第3話
嵐のような女神が亀裂の向こうへ帰っていくと来訪者たちから絶望の声が聞こてきた。
「一瞬でもワクワクしちまった俺が馬鹿だった...」
「俺無双できるかと思ったのに。」
「結局何カップだったんだ。」
推定E以上だぜ、同志よ。
「聞いてくれ!神の理不尽に打ちひしがれし同胞たちよ!」
周囲が絶望オーラを醸し出す中、メガネ君が群衆の前に立ち大声で来訪者達に呼びかけ始めた。
「君たちが今感じている絶望はよくわかる!だが!故郷に帰る方法はあの塔にあるんだ!僕はなんとしても故郷に帰りたい!」
そしてもう一度来訪者たちをじっと見つめる。
「力あるものは僕の背中を守ってくれないか!勇気あるものは僕を故郷へと導いてくれないか!ともに戦い、ともに故郷に帰ろう!」
そして腰に携えていたどす黒い剣を空へと掲げる。
すると、先ほどまで意気消沈していた日本人たちの目に光が宿り始めた。
「ここまで来たらもう知るか!や、やってやる!俺は日本に帰るんだ!」
「俺だって、英雄にでもなんにでもなってやる!」
来訪者達は次々と立ち上がり武器を掲げ始めた。
その数は徐々に増え、最終的にはほとんどすべての来訪者がメガネ君に呼応するように武器を掲げていた。
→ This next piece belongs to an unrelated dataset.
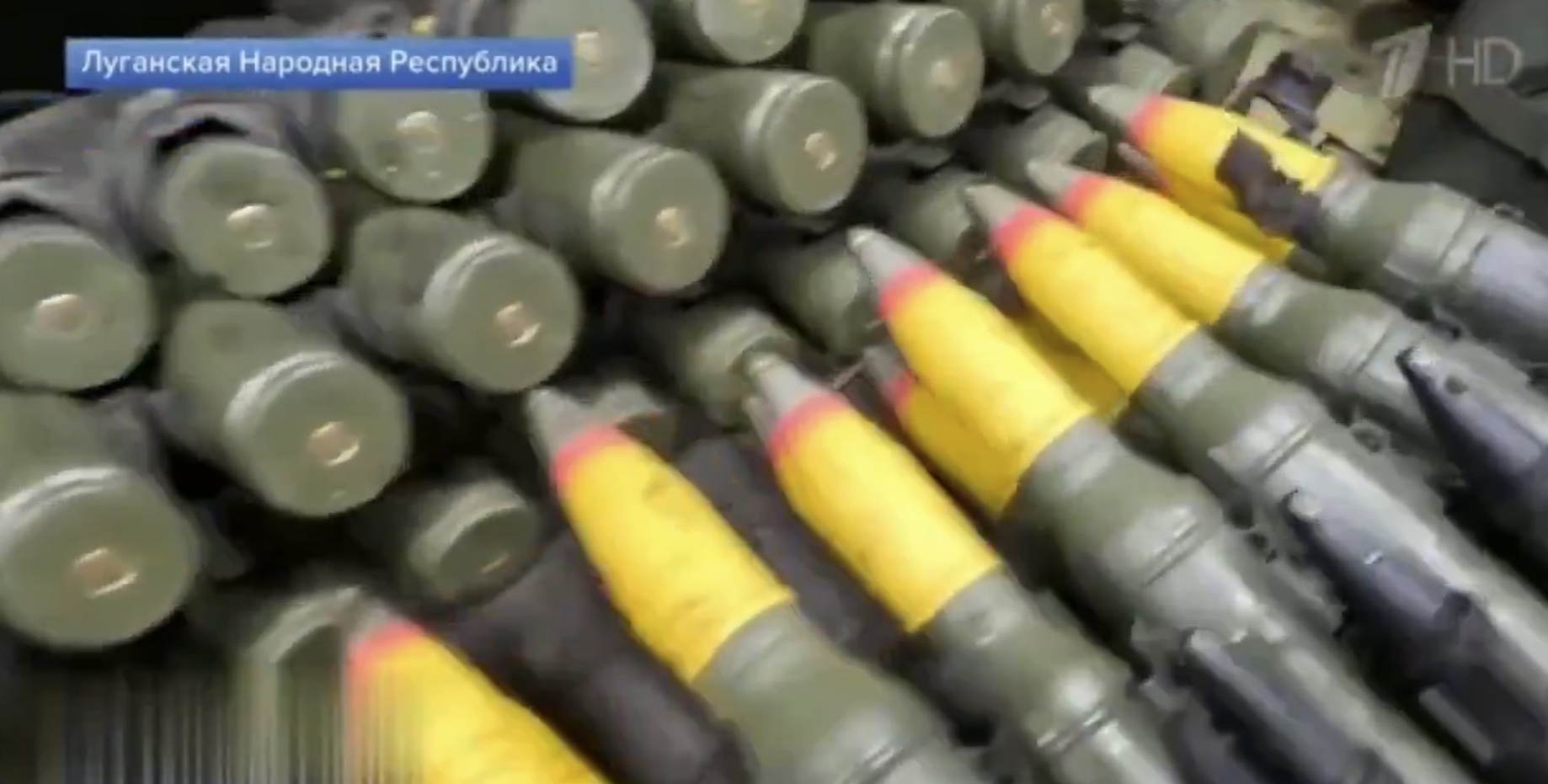 While the segment shows the 7.62 coaxial machine gun intact, it does not show the Bushmaster’s barrel or a dual-tube BMG-71 TOW (Tube-Launched, Optically Tracked, Wireless-Guided) missile launcher that Bradleys can also be equipped with present. Video posted by the Kremlin-connected Rybar Telegram channel shows the TOW on a captured Bradley being towed by a Russian vehicle. However, it is unclear whether this is the same Bradley. The TV presenter said the one he was in was captured in Luhansk Oblast while Ryber says its video is of one captured in Donetsk Oblast, near the Avdiivka Coke plant.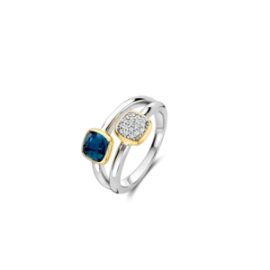 Anello Ti Sento in argento placcato oro presenta due anelli distinti, che si fondono con grazia con uno spazio tra di loro. Ogni anello presenta una pietra a forma di cuscino: uno รจ impreziosito da un’affascinante pietra blu scuro, mentre l’altro brilla con un pavรฉ di luminosi zirconi cubici bianchi. Entrambe le pietre sono incastonate in luminose montature placcate oro giallo, che ne esaltano la bellezza naturale. I gambi di entrambi gli anelli sono realizzati in argento placcato platino, che conferisce resistenza e lucentezza extra, mentre lo spazio aperto tra gli anelli aggiunge un tocco moderno e dinamico al design.

「ここに!ミスチーフ攻略部隊プレイヤーズの設立を宣言する!!」
「「「「「おおおおーーーー!!!!!!!」」」」」
メガネ君すごいな。あの数の人間をすぐにまとめるなんて。
俺がメガネ君に感心していると、来訪者が集まっている中から何人かこそこそと裏道に逃げていく人影が見えた。
「ま、俺には関係ないみたいだし。」
俺はこの騒動に慌てふためくフィムスの住人達を無視してディアと手をつなぎそそくさと自分の家に帰った。